6. Experimental Performance and Benchmarks
Recent systems demonstrate state-of-the-art performance in both tracking and mapping:
- DG-SLAM (Xu et al., 13 Nov 2024): On TUM dynamic sequences, average ATE = 2.2 cm, outperforming DROID-VO (3.3 cm). Mapping accuracy on BONN dynamic scenes reaches 8.06 cm with 43.7% completion, outperforming NICE-SLAM, Co-SLAM, and ESLAM. The pipeline runs at ≈650 ms per frame on RTX 3090Ti with real-time rendering above 200 Hz.
- Dy3DGS-SLAM (Li et al., 6 Jun 2025): On BONN dynamic sequences, achieves 4.5 cm ATE RMSE, outperforming all NeRF/3DGS RGB-D baselines and matching/exceeding traditional RGB-D methods (e.g., DynaSLAM: 4.8 cm). Tracking reaches 17 FPS and mapping 430 ms per keyframe. Scene synthesis yields artifact-free static backgrounds with dynamic object removal.

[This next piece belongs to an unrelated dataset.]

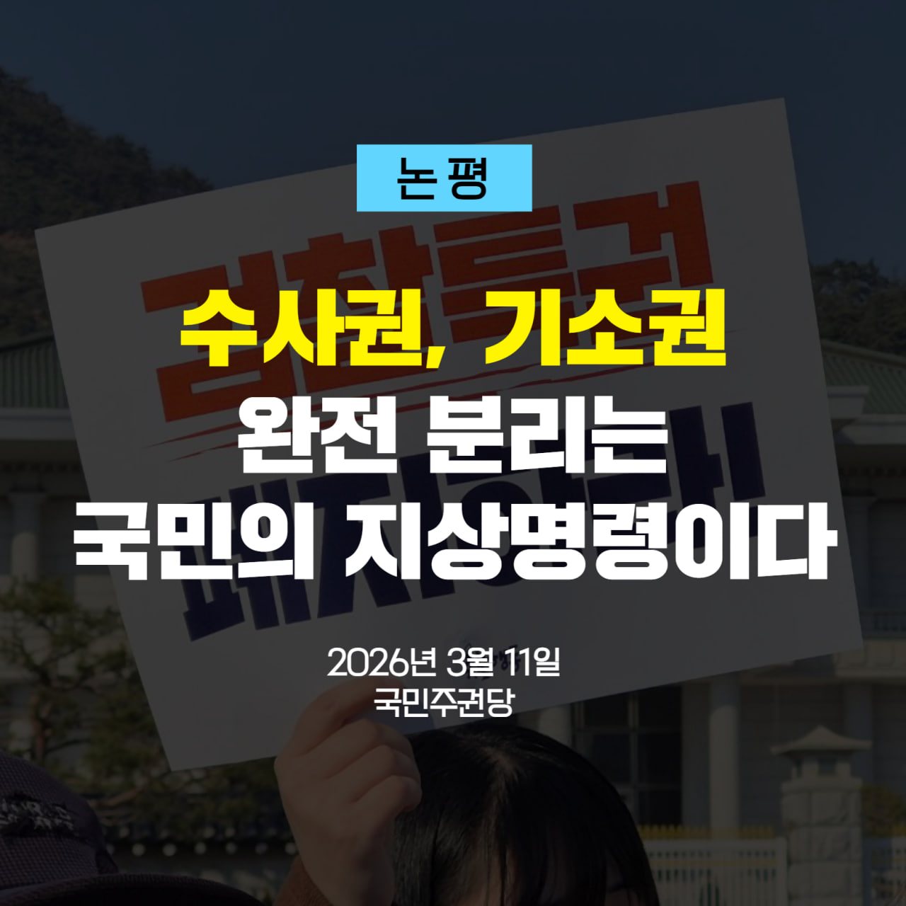 글 제목 : [논평] 수사권, 기소권 완전 분리는 국민의 지상명령이다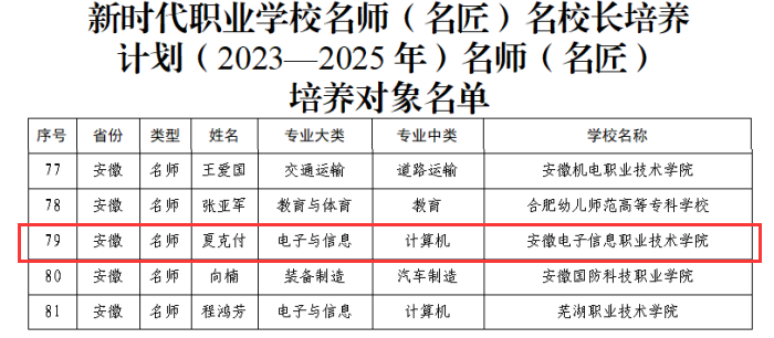 本网讯 近日,教育部办公厅下发了《关于公布新时代职业91香蕉在线观看名师(名匠)名校长培养计划(2023—2025年)培养对象和培养基地名单的通知》(教师厅函〔2023〕23 号),国产香蕉视频免费夏克付教授成功入选新时代职业91香蕉在线观看名师培养对象。

- DynaGSLAM (Li et al., 15 Mar 2025): Measured over multiple dynamic datasets (Bonn, TUM, OMD), DynaGSLAM improves PSNR/SSIM/LPIPS metrics by significant margins over existing static and "anti-dynamic" baselines. ATE is reduced by approximately 30% over static methods. Overall runtime is ∼3 Hz with efficient memory usage (∼2.6 GB).
| System | Dynamic Input | Dynamic Handling | Modalities | ATE/PSNR (Sample) | Runtime |
|---|---|---|---|---|---|
| DG-SLAM | RGB+D (offline/online) | Motion mask + hybrid VO | RGB-D | 2.2 cm (ATE, TUM) | 650 ms/frame |
| Dy3DGS-SLAM | Monocular RGB | Prob. mask + motion loss | RGB | 4.5 cm (ATE, BONN) | 17 FPS track |
| DynaGSLAM | RGB-D | Dynamic GS, splines | RGB-D | PSNR >18 dB, ATE↓ | ∼3 Hz |
7. Strengths, Limitations, and Future Perspectives
Strengths
- Explicit Modeling: 3D Gaussian Splatting provides continuous, differentiable geometry and appearance, explicit support for high-fidelity rendering, and the ability to represent both static and dynamic content (Xu et al., 13 Nov 2024, Li et al., 15 Mar 2025).
- Dynamic Resilience: Motion masks, probabilistic segmentation fusion, and motion-constrained losses enable robust SLAM in highly dynamic environments.
- Joint Optimization: Simultaneous estimation of ego-motion, dynamic object trajectories, and 3D structure supports predictive spatio-temporal modeling, including motion interpolation/extrapolation (Li et al., 15 Mar 2025).
Limitations
- Dependence on Segmentation: Reliability is sensitive to motion and semantic segmentation quality; catastrophic segmentation errors can degrade map quality or trajectory accuracy (Li et al., 15 Mar 2025, Xu et al., 13 Nov 2024).
- Limited Global Consistency: Most methods do not support global loop closure or city-scale optimizations, leading to potential drift in large-scale or repetitive environments (Xu et al., 13 Nov 2024).
- Dynamic Model Simplicity: Current dynamic priors are limited to simple spline trajectories or per-splat velocities; non-rigid and articulated motions are not yet fully addressed (Li et al., 15 Mar 2025).
Future Directions
Proposed directions include integration of loop closure into Gaussian frameworks, self-supervised dynamic object segmentation, scale-up via hierarchical or out-of-core data structures, and learning-based end-to-end dynamic Gaussian management. Incorporating richer motion priors and multi-sensor fusion (IMU, LiDAR) are additional targets for research (Xu et al., 13 Nov 2024, Li et al., 15 Mar 2025).
Dynamic Visual SLAM using a General 3D Prior is thus a rapidly advancing field enabling photorealistic, accurate, and temporally robust mapping and localization in real-world, dynamic scenes by unifying explicit volumetric priors, robust segmentation, and continuous-time motion modeling within efficient, differentiable inference pipelines (Xu et al., 13 Nov 2024, Li et al., 6 Jun 2025, Li et al., 15 Mar 2025).